その5:ファリス=セルフィッシュ
数分後、三人に近づいてくる一人の女性がいた。腰まで伸びた赤髪が左目を隠し、手入れがよく行き届いているのかふわふわと揺れている。
黄色の上着に足首までの長いスカート、左手の肘には肘当てが、二の腕には青い腕輪がついている。そして右手には一メートル半はあるであろうスナイパーライフルが握られていた。
「久しぶりだな、ハンター」
「ファリス……当たったらどうするつもりだったんだ?」
「心配するな。当たらないように狙っている」
ファリスと呼ばれた女性は、スナイパーライフルを肩にかつぎつつ微笑んでみせた。
「あの……どなた?」
たまらずシェラが尋ねると、二人の代わりにそばにいたレッシュが答えてくれた。
「第三特殊部隊の隊長、ファリス=セルフィッシュよ」
「セルフィッシュって……もしかして?」
「そっ、わたしの姉さん」
自慢の家族なのか、レッシュは胸を張って答えていた。言われてみると、どことなくレッシュに似ている気もする。
「きみがシェラか。話は伺っている」
「初めましてファリスさん。シェラフィールです。わたしのことはシェラで結構ですよ」
「ならばわたしもファリスでいい。よろしく頼む」
握手を求めてくるファリスに、シェラは快く応じた。特殊部隊の隊長というとどうしても強くていかつい男を想像してしまうが、ファリスもレッシュもそんな面影はまったく感じさせない。

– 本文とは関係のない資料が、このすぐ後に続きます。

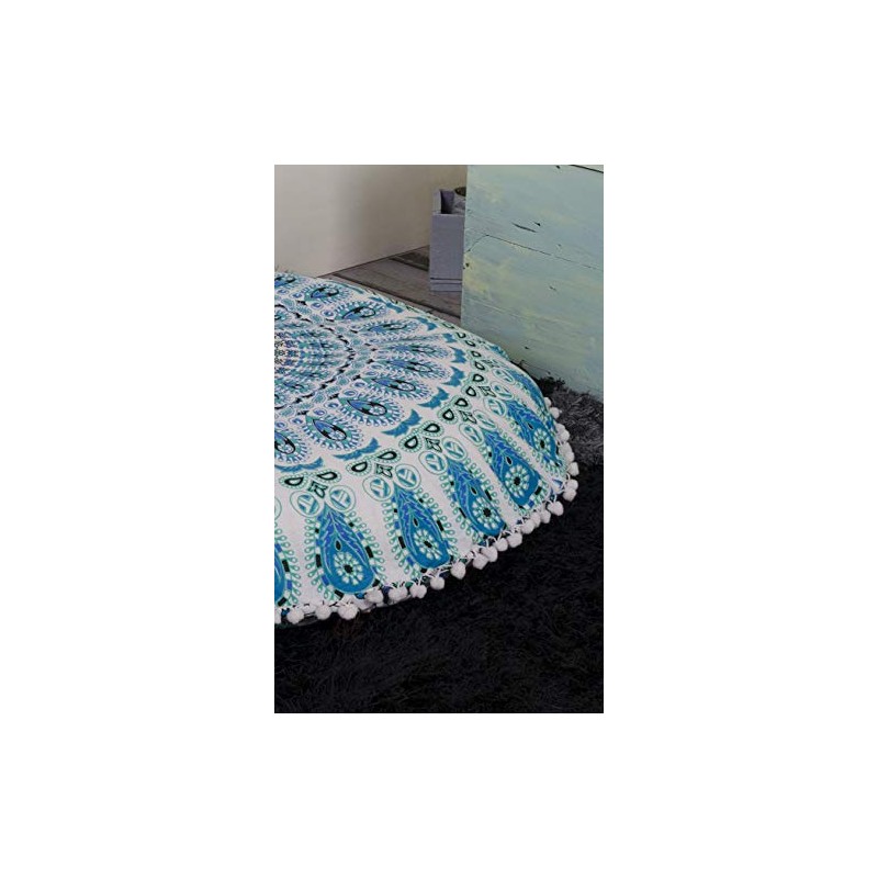 Popular Handicrafts Floor Pillow Cushion Cover - Hippie Mandala Cushion Cover Large with Pom Poms Soft Particles - Pouf Cover Round Bohemian Yoga Decor, 24" White Teal Green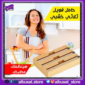 حامل فويل ثلاثي خشبي أنيق لتنظيم ورق الفويل والمناديل والبلاستيك.يوفر مساحة في المطبخ ويضيف لمسة ديكور طبيعية. سهل التركيب ومتين ومناسب للاستخدام اليومي.

「ではシェラにはレッシュが説明してくれ。ハンターにはわたしが説明する」
「えっ、まとめて説明してくれればいいんじゃないんですか?」
シェラが尋ねると、ファリスの視線がハンターへと向けられる。まるで許可を得ようとしているかのようだ。
「いくぞ、ファリス」
仏頂面のまま顎で右の道を指すと、ハンターはさっさと歩いていってしまった。このようすではどうやら別々の説明ということになりそうだ。
「というわけだ。頼んだぞレッシュ」
「うん!」
まるで甘えん坊の子どものように元気に返事をすると、レッシュはハンターを追って去っていくファリスに手を振っていた。普段のレッシュとは明らかに雰囲気が違う。
「それじゃあ、行きましょうか」
「行くって、どこへ?」
「行きつけの店があるんだ。そこなら二人きりで話せるからね」
レッシュの案内にしたがって、ハンターたちとは反対の方向へと進んでいく。
ハンターの様子を気にしながらも、シェラはレッシュの後についていった。